Note that when using the RMSprop method, we reduced the learning rate from \(0.1\) to \(0.01\). Different methods may be more or less sensitive to choices of initial learning rate. Feel free to revisit previous examples, and experiment with different learning rates, or initial parameters to gain insight into the sensitivity of different methods.

Accelerated gradient descent to achieve numerical accuracy:

One issue with gradient descent is that they are slow when it comes to converging to machine precision. As optimization nears an optimum, the gradient goes to zero, which means that each successive step is smaller and smaller, and convergence slows down. This is not really a problem in machine learning, where convergence to many digits is not needed, but it is an issue in chemistry.

The standard method used to converge quantum chemical calculations is an accelerated form of gradient descent alternatively called Direct Inversion of the Iterative Subspace (DIIS) or Pulay mixing (for its inventor Peter Pulay). DIIS extrapolates from the error on past function evaluation to where the error is zero using a subspace approach. It is closely related to other subpsace and Krylov methods, such as GMRES.

DIIS works best once we are pretty close to our solution. In this case, we start from a significantly better initial guess, and try to achieve a tolerance of \(\texttt{1e-10}\) with just standard gradient descent.

init={'a':0.18,'b':0.8,'c':-0.1,'d':-0.4}
lr=0.1

no_diis_result=tq.minimize(objective=O1,
                           lr=lr,
                           method='sgd',
                           tol=1e-10,
                           maxiter=80,
                           initial_values=init,
                           silent=True)
1
Initialize variables: \(a = 0.18\), \(b = 0.8\), \(c = -0.1\), \(d = -0.4\)
2
Set the learning rate to 0.1
3
Optimize the objective \(O_1\) using the standard gradient descent method with learning rate 0.1, maximal iterations 80 and a tolerance of 1e-10

Looking at the printout (obtained with silent=False instead of silent=True), we see that convergence is achieved after 46 steps. We note that specifically convergence slows down significantly after 5 steps, as the gradients (and thus step sizes) become smaller the closer we get to the minima.

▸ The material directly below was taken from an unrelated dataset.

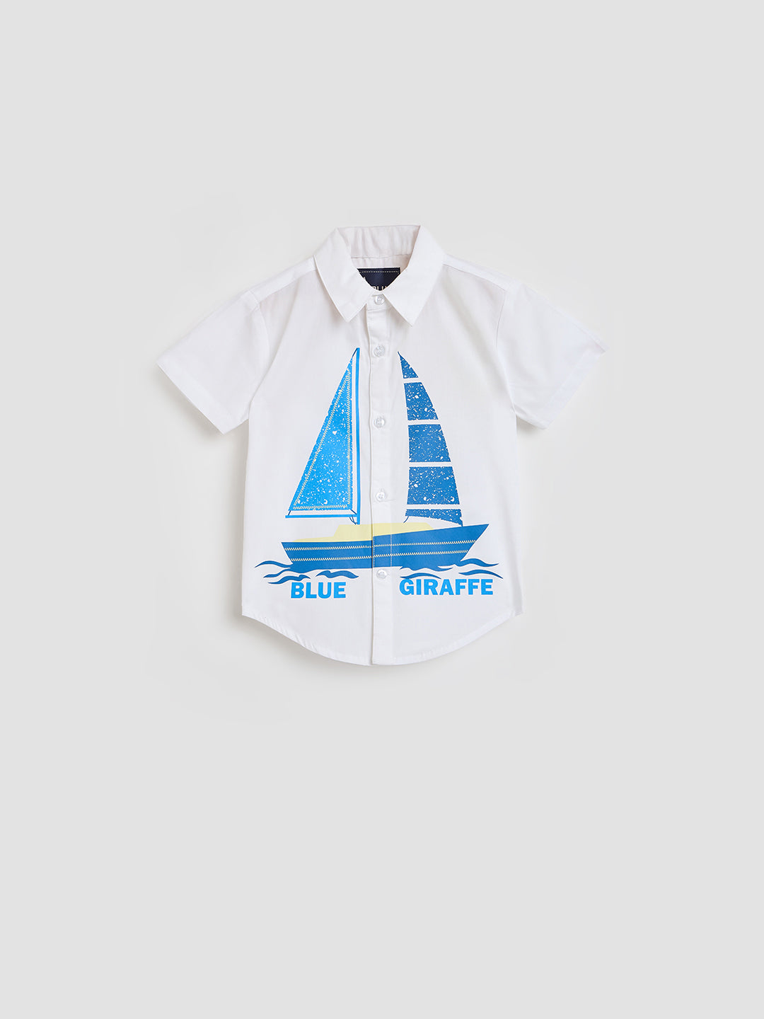 Elevate your little one's style with the Blue Giraffe Boys White Printed Shirt. Made from soft, breathable fabric, this shirt features a unique and eye-catching print that will make your child stand out in the crowd. Whether it's a casual playdate or a special occasion, this shirt is versatile and comfortable. The classic white color makes it easy to pair with any bottoms, making it a wardrobe staple. Add a touch of fun and flair to your boy's outfit with this must-have shirt.

This is the problem DIIS solves.

Let’s try again with acceleration.

diis_result=tq.minimize(objective=O1,
                        lr=lr,
                        method='sgd',
                        diis={'tol':1e-1},
                        tol=1e-10,
                        maxiter=80,
                        initial_values=init,
                        silent=True)
1
Optimize the objective \(O_1\) using the standard gradient descent method with learning rate 0.1, maximal iterations 80, a tolerance of 1e-10 and DIIS acceleration
2
Set the DIIS acceleration with a tolerance of 1e-10

With the printout here (change to silent=False), the convergence is obtained in just 8 steps. We can see here that DIIS kicks in at step 3, that is, when \(\texttt{max(gradient)}\) is below \(\texttt{1e-1}\) (the tol= argument in the DIIS dictionary) and we have accumulated at least 3 vectors. Once DIIS starts, convergence is very rapid, with a four orders of magnitude drop in the error within just three steps.

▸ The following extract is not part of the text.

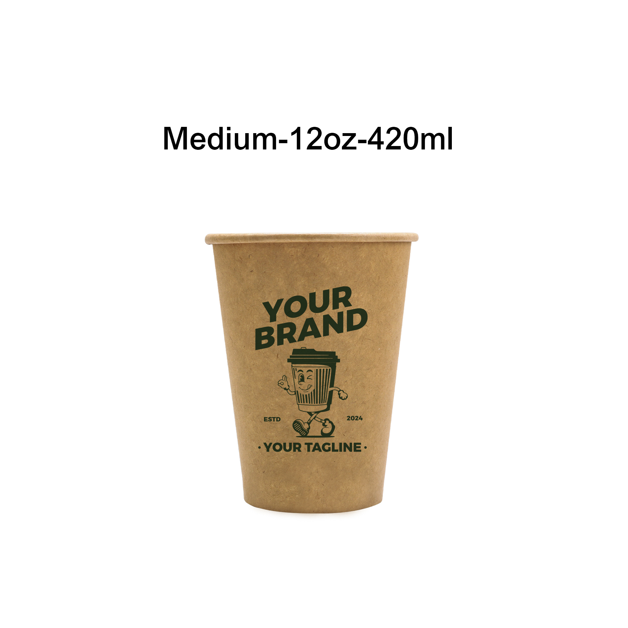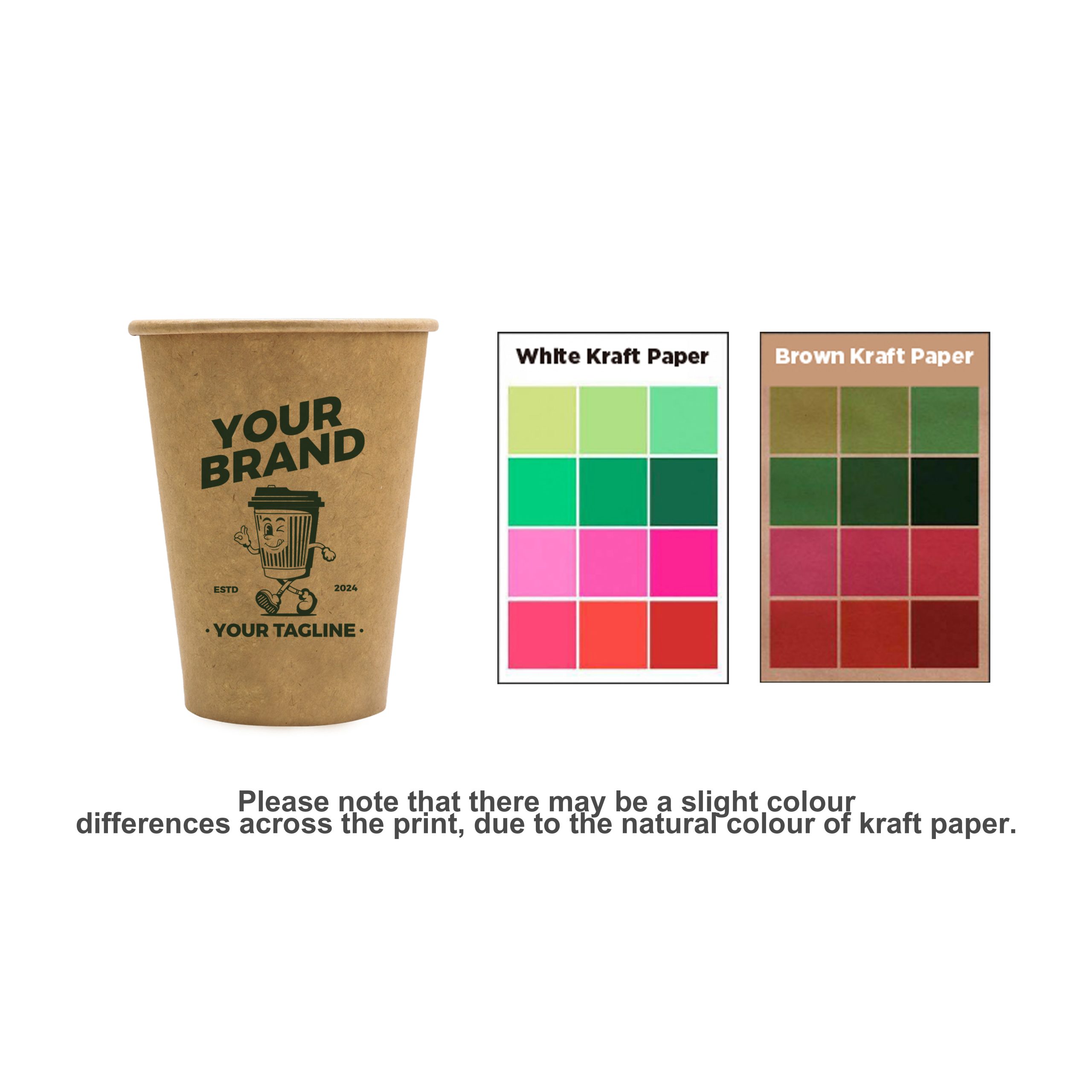 Please note that there may be a slight colour differences across the print, due to the natural colour variations of kraft paper. Base price includes one spot colour. Gradient printing is not available. We recommend using a darker print colour for best results. For additional spot colours, please contact us.<br/>Iced drinks may cause condensation and soften the cup. For cold beverages, double walled cups or plastic cups are recommended.

We can see this most clearly in a logarithmic plot of the error.

import numpy
                            
print('SGD + DIIS optimization results:')                                   

Emin = diis_result.history.energies[-1]

plt.semilogy(numpy.asarray(no_diis_result.history.energies[:-1]) - Emin)
plt.semilogy(numpy.asarray(diis_result.history.energies[:-1]) - Emin)

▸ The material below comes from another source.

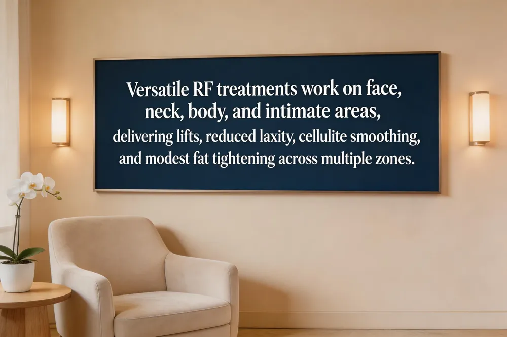 Body contouring benefits extend to the abdomen, thighs, arms, and hands. RF energy penetrates deeper than most lasers, stimulating fibroblasts throughout the dermis and sub‑cutaneous tissue, which improves laxity, reduces the appearance of cellulite, and can even aid in localized fat reduction. A series of 3‑6 abdominal sessions often produces a firmer mid‑section within 2‑4 months, with effects persisting 12‑24 months when combined with proper skincare. Vaginal rejuvenation and pelvic health are also supported by RF’s ability to tighten mucosal tissue and enhance elasticity, offering a non‑invasive alternative to surgical options.

plt.ylabel('Error on energy')
plt.legend(['without DIIS', 'with DIIS'])
1
Import the numpy library
2
Extract the last energy values from the DISS optimization
3
Plot the error on energy for every step in the optimization without DIIS acceleration
4
Plot the error on energy for every step in the optimization with DIIS acceleration
5
Label the y-axis of the plot as ‘Error on Energy’
6
Add a legend to the plot to differentiate between the results with and without DIIS
SGD + DIIS optimization results:

We clearly see here that when DIIS kicks in, convergence rapidly accelerates. In comparison, the convergence rate of standard gradient descent actually slows down as we approach a solution. However, it should be noted that DIIS is not entirely stable and only really works close to an optima. Furthermore, the implementation here is somewhat experimental. Please use it at your own risk!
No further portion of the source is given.